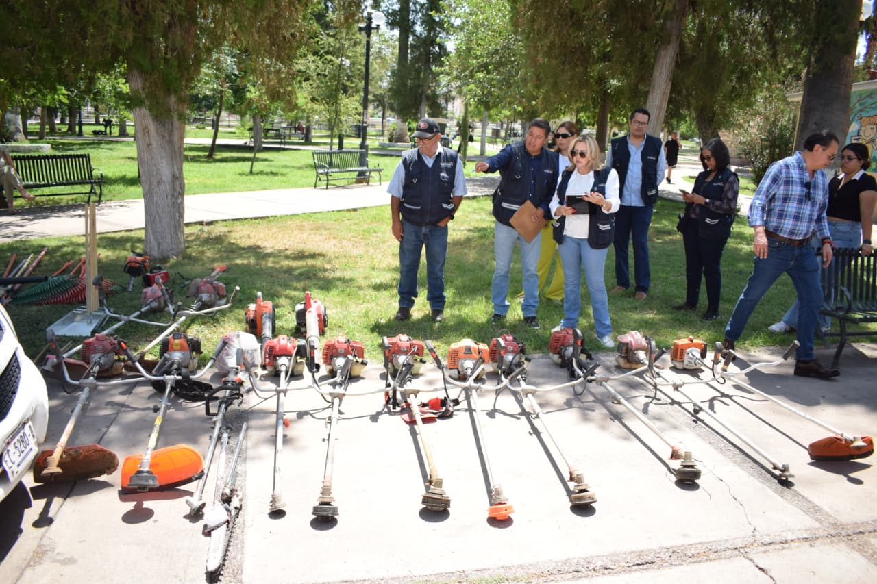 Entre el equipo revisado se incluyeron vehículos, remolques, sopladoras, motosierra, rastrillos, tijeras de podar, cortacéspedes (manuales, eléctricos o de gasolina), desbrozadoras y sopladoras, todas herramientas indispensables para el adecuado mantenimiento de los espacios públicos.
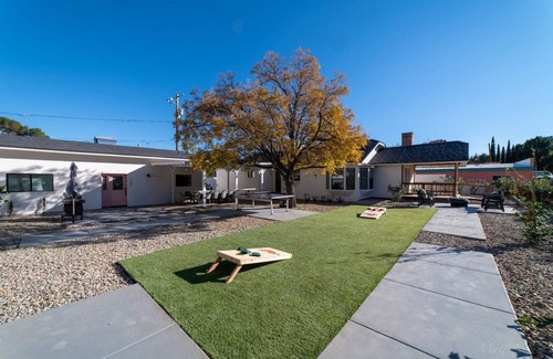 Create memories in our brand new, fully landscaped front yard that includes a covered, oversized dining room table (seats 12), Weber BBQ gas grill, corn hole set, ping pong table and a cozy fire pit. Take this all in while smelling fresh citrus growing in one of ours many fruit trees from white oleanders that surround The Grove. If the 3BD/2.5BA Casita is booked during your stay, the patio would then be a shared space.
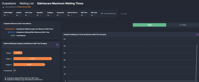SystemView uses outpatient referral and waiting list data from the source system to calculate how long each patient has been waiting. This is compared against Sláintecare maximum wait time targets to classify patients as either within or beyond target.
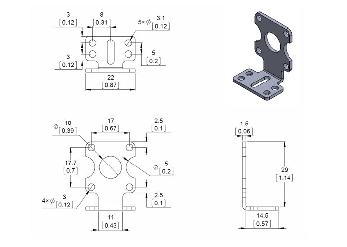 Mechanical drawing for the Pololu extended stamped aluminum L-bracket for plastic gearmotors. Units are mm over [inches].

#### WORK INSTRUCTION:
Only the lines from the one with "SystemView uses outpatient" through the last line of the listing belong in your answer; copy them exactly and skip the pictures.

#### FINISHED EXERCISE:
SystemView uses outpatient referral and waiting list data from the source system to calculate how long each patient has been waiting. This is compared against Sláintecare maximum wait time targets to classify patients as either within or beyond target.
 Mechanical drawing for the Pololu extended stamped aluminum L-bracket for plastic gearmotors. Units are mm over [inches].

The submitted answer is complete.